Apple is researching how to bring its Apple Vision Pro physiognomy sensor technology to give iPads and iPhones the ability to detect stress in a user.
Back in the 1980s, if an original Mac went wrong, it would play the sound of a crash, and display Susan Kare's bomb icon. It was a piece of whimsy that you really, really, really did not appreciate when you'd just lost your work.
Decades on, Apple could be about to make a similarly enraging move, though this time with good intentions. Apple wants to add a new health feature, where a device such as an iPad can tell when you're having a bad day.
A newly-revealed patent application, called just "Stress Detection," is chiefly concerned with how such stress could be determined. But it does make at least some references to what the devices could then do in response.
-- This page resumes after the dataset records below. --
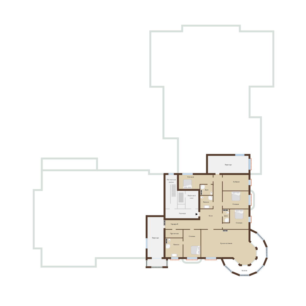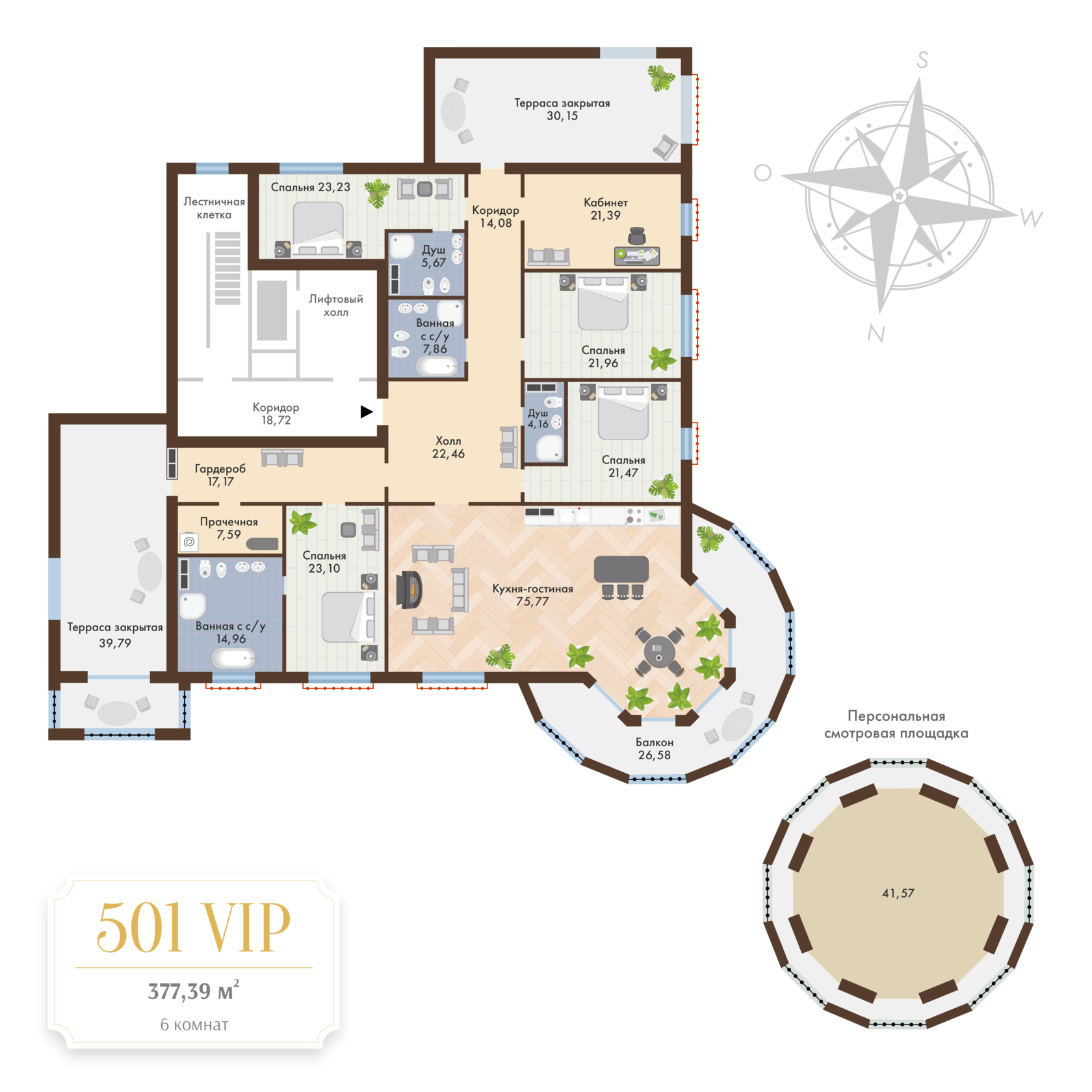 Ограниченным доступ на этаж. Собственный выход на террасу на высоте 20 метров. Установлен большой камин. Площадь 6 комнатного пентхауса 377,39 кв.м.
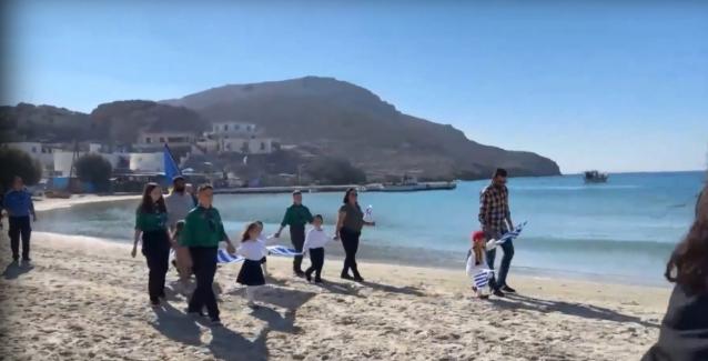 Στο ακριτικό νησί, τα τέσσερα παιδιά κράτησαν μία ελληνική σημαία και συνοδεία εκπαιδευτικών και γονιών που τα κρατούσαν από τα χέρια, παρήλασαν στην αμμουδιά.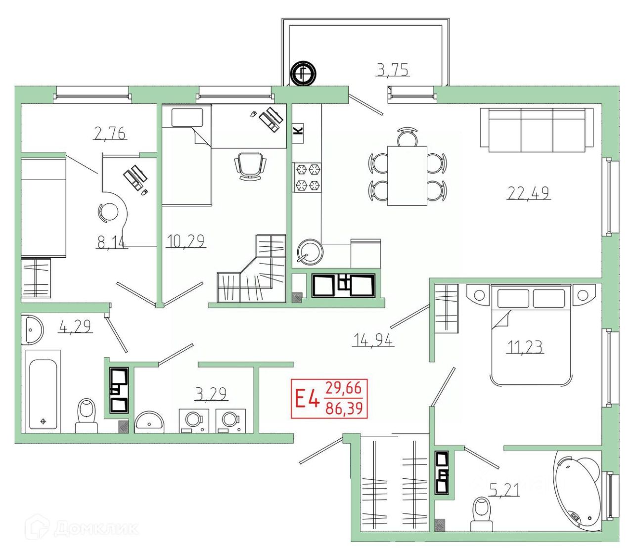 3 комн. квартира в ЖК Бульвар оптимистов, площадь 86.39 м², жилая 29.66 м², кухня 22.49 м²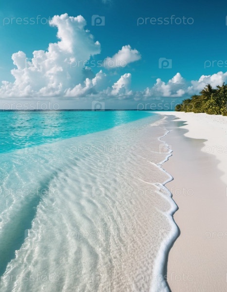 Захватывающий вид на нетронутый пляж с белым песком на Мальдивах. Бирюзовые воды Индийского океана плавно прилегают к берегу, создавая безмятежную идиллическую сцену. Небо ярко-голубое, усеянное пушистыми белыми облаками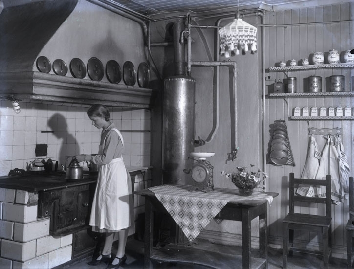 "Patron Meijer Åtorp Munkedal. Fru Karin Smith född Brink från gamla Smedbruket omkr. 1926-1927. Biträde hos Fru Meijer."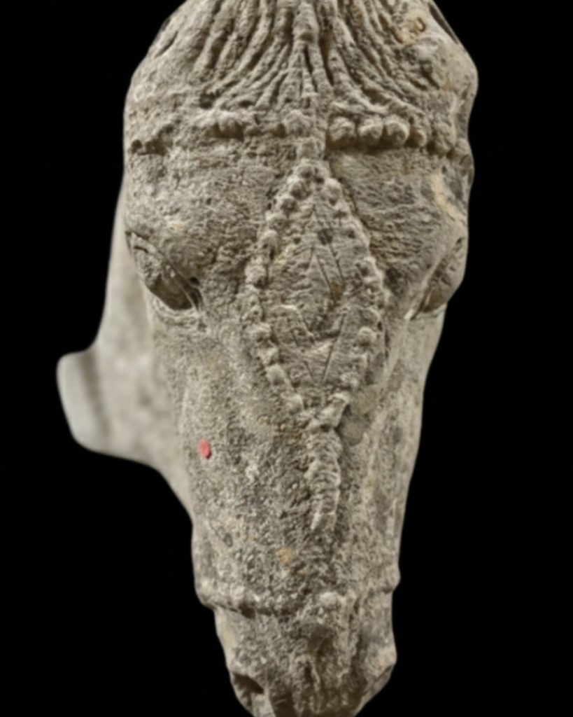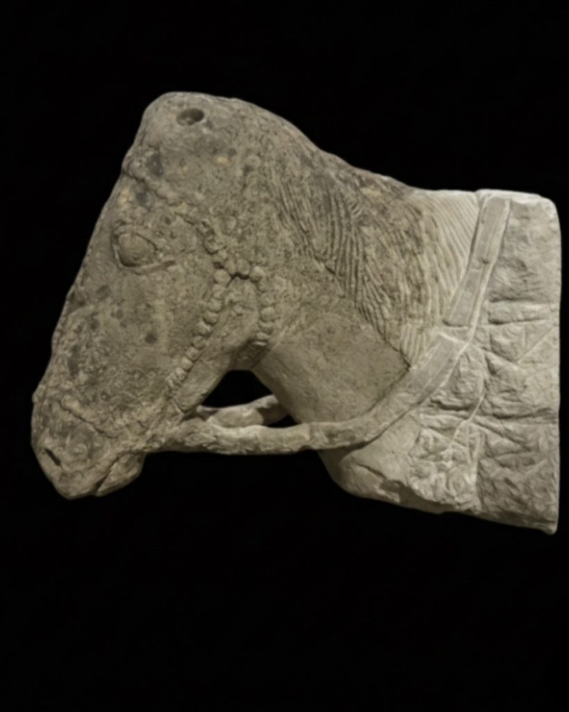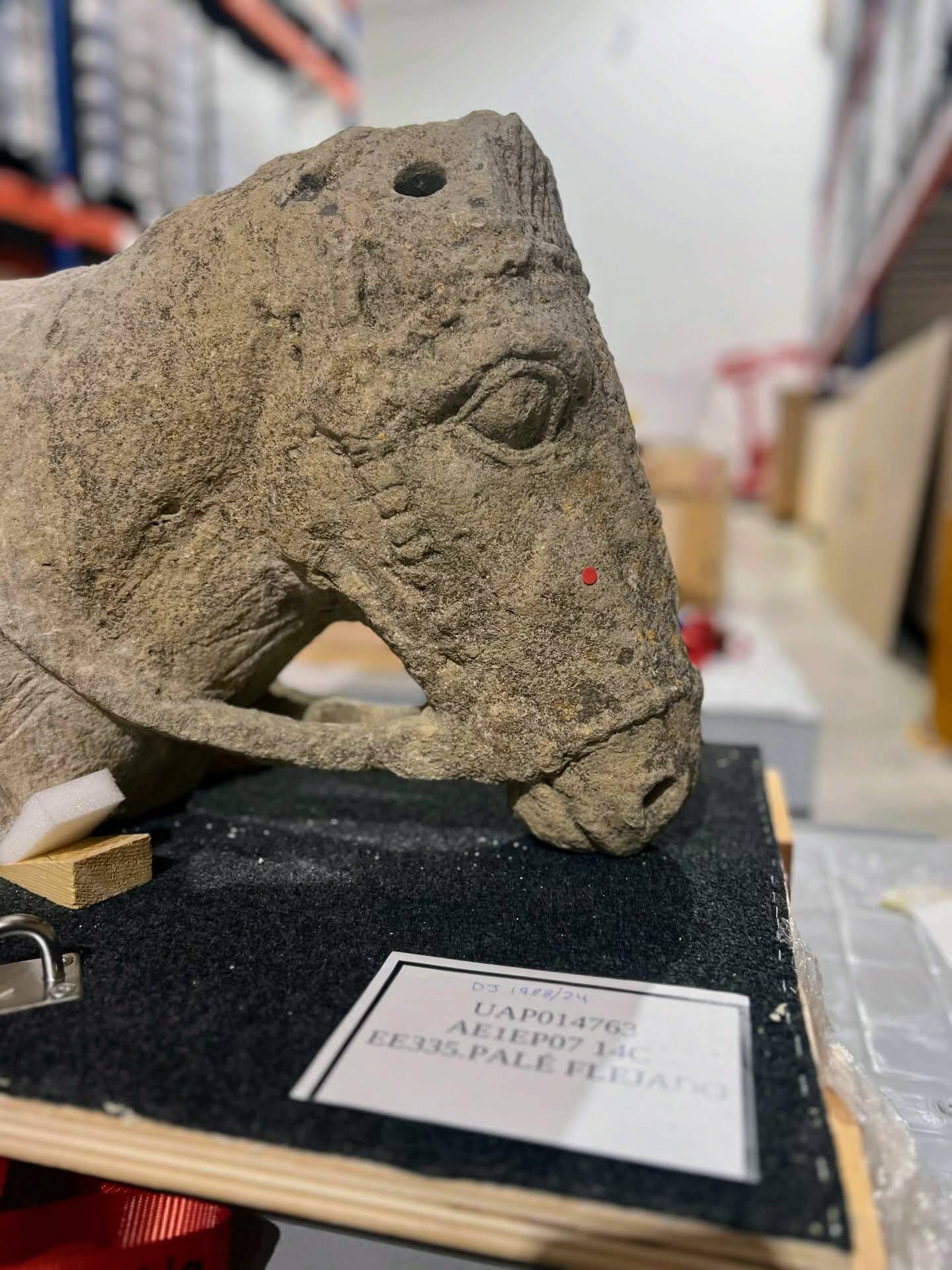 Según la información compartida por el Arqueológico, la pieza pudo pertenecer a una escultura completa integrada en un monumento funerario turriforme. Entre los rasgos descritos figuran las perforaciones donde se insertarían unas orejas hoy perdidas, así como un elaborado cabezal decorado con esferas y riendas acintadas con rebordes, resultando especialmente significativa la ausencia de bocado. El acabado posterior, con aspecto semejante al de un sillar, refuerza la hipótesis de que formó parte de una gran estructura arquitectónica, y el museo recuerda además un episodio llamativo de su “biografía moderna”: tras el hallazgo, estuvo años colocada como trofeo en la entrada de una casa señorial (contenido de la publicación facilitada por el usuario).

Apple proposes that devices could "improve a user experience by providing a notification based on an identified stress," which is not in any way going to be irritating. But the device could also provide relaxing content (e.g., meditation virtual content, relaxing music, etc.), which again would be a boon when you're on deadline.
To be clear, it isn't just iPads that might ultimately be smashed against walls. Apple's proposal is for just about any device. Sections of it referring to headsets and virtual environments, for instance, are similar to previous patents regarding the detection of Apple Vision Pro users' physiological state.
This new patent application reads as if it comes from what Apple has learned from making the Apple Vision Pro, such as just what sensors could be used to spot stress. Those include "electro-encephalography (EEG) amplitude, pupil modulation, eye gaze saccades, heart rate, [and] electrodermal activity/skin conductance."
Apple's "Stress Detection" patent application is credited to two inventors. Those include Grant H. Mulliken, who has also worked on attention detection for Apple.
8 Comments
I have found that telling my wife to calm down, often isn’t quite as effective as one would hope.
Apple may want to move this along to the implementation stage sooner rather than later. November is coming.
In the future it will be humans telling an enraged AI to calm down.
Or, instead fix iPadOS ;-)
Better check the Apple Care fine print when this comes out. Make sure it doesn't have a clause invalidating the service if the device is smashed within 30 seconds of a pop-up telling you to "relax already."